START Data for analysis
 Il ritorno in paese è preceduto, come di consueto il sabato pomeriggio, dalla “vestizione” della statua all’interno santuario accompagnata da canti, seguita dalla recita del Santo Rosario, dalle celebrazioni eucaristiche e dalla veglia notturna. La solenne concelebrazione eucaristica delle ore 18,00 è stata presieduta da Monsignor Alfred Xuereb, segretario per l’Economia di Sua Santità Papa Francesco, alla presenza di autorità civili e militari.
END Data for analysis
START Data for analysis
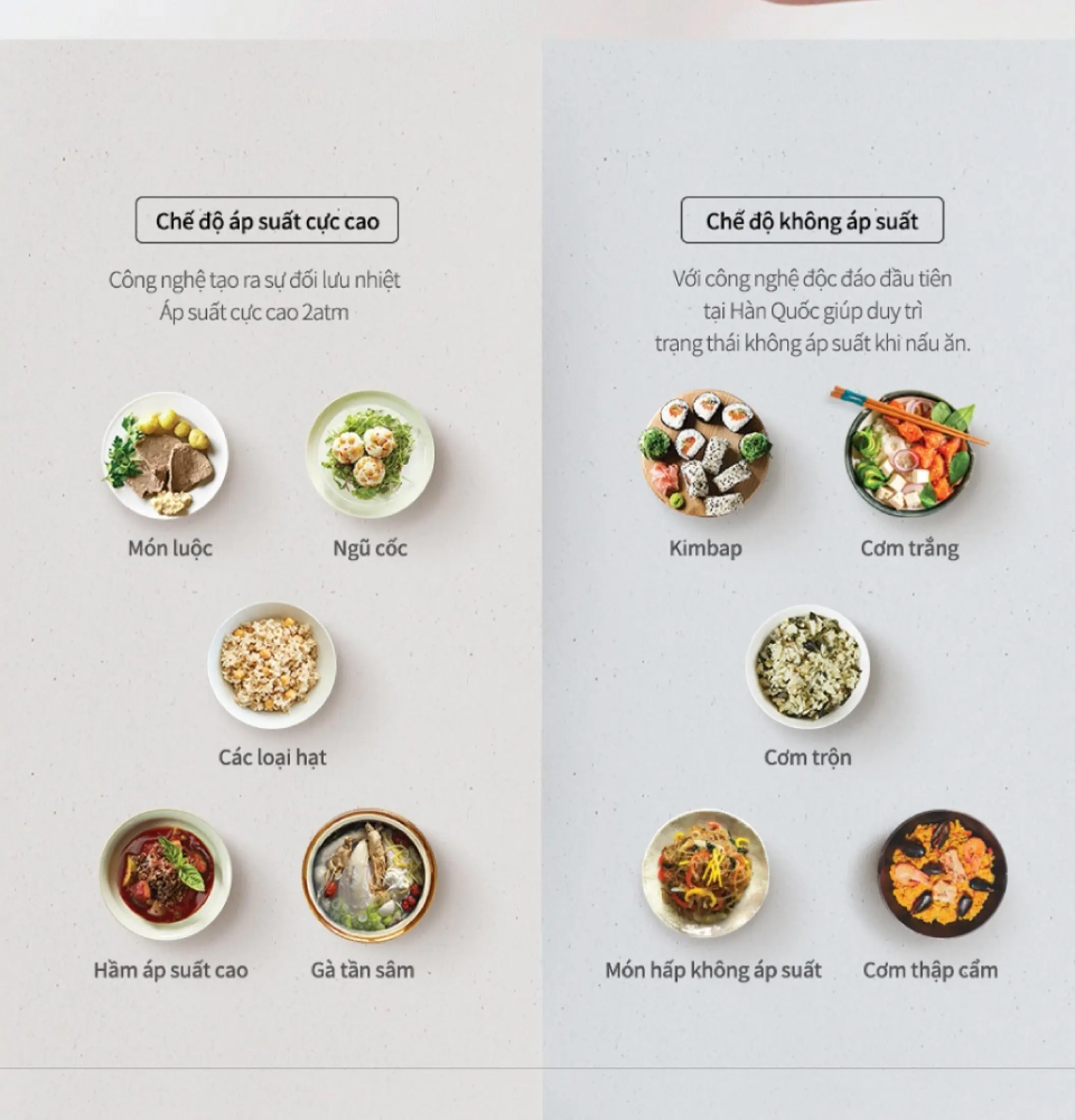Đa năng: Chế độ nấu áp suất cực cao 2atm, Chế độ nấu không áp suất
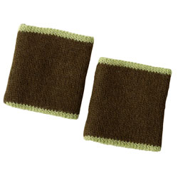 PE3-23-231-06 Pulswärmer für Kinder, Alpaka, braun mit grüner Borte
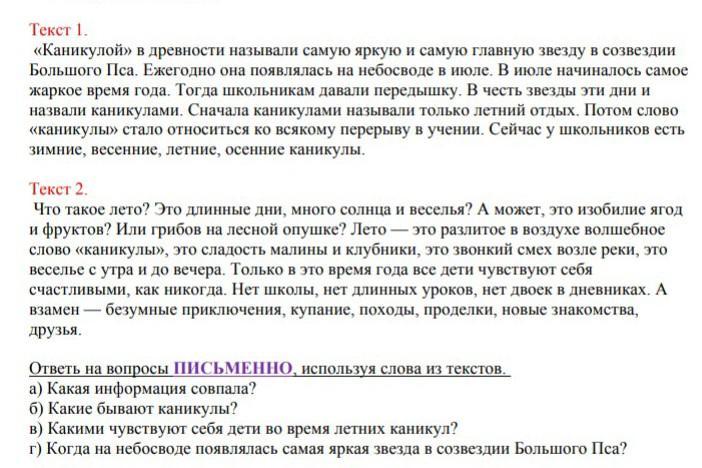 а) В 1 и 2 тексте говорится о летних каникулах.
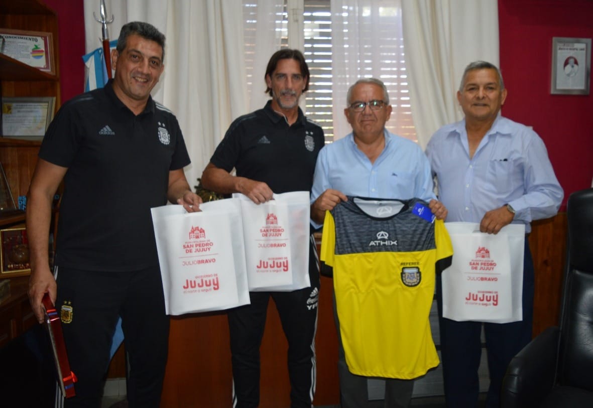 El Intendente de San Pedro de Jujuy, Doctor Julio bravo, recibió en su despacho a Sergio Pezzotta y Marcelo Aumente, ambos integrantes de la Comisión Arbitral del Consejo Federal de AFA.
END Data for analysis
• _What is being asked_
Although pictures appear among the entries, please set down only the lines from the one with "а) В 1 и 2 тексте" up to and including the one with "El Intendente de", word for word.

• _Task response_
 а) В 1 и 2 тексте говорится о летних каникулах.
 El Intendente de San Pedro de Jujuy, Doctor Julio bravo, recibió en su despacho a Sergio Pezzotta y Marcelo Aumente, ambos integrantes de la Comisión Arbitral del Consejo Federal de AFA.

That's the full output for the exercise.